Block-Diagonal Guided DBSCAN Clustering
Weibing Zhao
TL;DR
DBSCAN often struggles with high-dimensional, large-scale data and is sensitive to the neighborhood parameter $\epsilon$ and density threshold $\delta$. This work introduces BD-DBSCAN, which builds a similarity graph that can be permuted to a block-diagonal form and then identifies clustering structure by grouping diagonal blocks. It advances the pipeline with a gradient-descent-based permutation routine, a DBSCAN-based points traversal that yields an augmented cluster ordering, and a split-and-refine diagonal-block search with theoretical guarantees. The method offers robustness to density variation, scalability to large datasets, and intuitive visualization of the clustering process. Empirical evaluation on twelve real-world benchmarks shows consistent superiority over state-of-the-art methods.
Abstract
Cluster analysis plays a crucial role in database mining, and one of the most widely used algorithms in this field is DBSCAN. However, DBSCAN has several limitations, such as difficulty in handling high-dimensional large-scale data, sensitivity to input parameters, and lack of robustness in producing clustering results. This paper introduces an improved version of DBSCAN that leverages the block-diagonal property of the similarity graph to guide the clustering procedure of DBSCAN. The key idea is to construct a graph that measures the similarity between high-dimensional large-scale data points and has the potential to be transformed into a block-diagonal form through an unknown permutation, followed by a cluster-ordering procedure to generate the desired permutation.

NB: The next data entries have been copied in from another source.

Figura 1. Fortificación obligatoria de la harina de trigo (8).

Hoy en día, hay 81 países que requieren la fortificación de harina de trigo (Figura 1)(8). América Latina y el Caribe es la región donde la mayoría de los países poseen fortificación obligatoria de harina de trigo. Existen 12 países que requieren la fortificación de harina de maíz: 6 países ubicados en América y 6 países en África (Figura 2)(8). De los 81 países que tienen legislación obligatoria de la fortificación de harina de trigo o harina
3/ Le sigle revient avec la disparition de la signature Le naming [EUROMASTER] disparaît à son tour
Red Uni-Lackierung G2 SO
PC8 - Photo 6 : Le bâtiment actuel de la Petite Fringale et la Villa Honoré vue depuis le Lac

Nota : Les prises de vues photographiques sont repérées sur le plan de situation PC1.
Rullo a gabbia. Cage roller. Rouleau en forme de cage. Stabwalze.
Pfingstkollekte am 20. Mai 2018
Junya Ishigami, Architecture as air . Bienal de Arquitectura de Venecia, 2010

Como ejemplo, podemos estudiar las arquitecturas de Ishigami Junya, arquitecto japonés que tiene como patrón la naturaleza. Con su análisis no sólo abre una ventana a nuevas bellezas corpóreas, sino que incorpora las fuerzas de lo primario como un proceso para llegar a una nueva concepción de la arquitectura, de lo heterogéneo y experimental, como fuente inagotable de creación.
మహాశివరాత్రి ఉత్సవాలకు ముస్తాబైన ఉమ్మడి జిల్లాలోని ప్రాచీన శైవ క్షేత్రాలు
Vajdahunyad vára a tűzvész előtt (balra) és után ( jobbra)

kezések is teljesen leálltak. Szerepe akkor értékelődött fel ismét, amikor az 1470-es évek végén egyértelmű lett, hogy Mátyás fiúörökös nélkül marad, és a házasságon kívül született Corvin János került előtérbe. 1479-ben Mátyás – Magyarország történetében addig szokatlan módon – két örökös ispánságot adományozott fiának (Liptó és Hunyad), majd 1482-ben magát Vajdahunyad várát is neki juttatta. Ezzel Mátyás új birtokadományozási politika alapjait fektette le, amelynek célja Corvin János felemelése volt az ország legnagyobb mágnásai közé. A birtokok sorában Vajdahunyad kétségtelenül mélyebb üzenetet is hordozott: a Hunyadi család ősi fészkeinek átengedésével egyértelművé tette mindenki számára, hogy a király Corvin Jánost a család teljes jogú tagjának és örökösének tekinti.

The clustering structure can be easily determined by identifying the diagonal blocks in the permuted graph. We propose a gradient descent-based method to solve the proposed problem. Additionally, we develop a DBSCAN-based points traversal algorithm that identifies clusters with high densities in the graph and generates an augmented ordering of clusters. The block-diagonal structure of the graph is then achieved through permutation based on the traversal order, providing a flexible foundation for both automatic and interactive cluster analysis. We introduce a split-and-refine algorithm to automatically search for all diagonal blocks in the permuted graph with theoretically optimal guarantees under specific cases. We extensively evaluate our proposed approach on twelve challenging real-world benchmark clustering datasets and demonstrate its superior performance compared to the state-of-the-art clustering method on every dataset.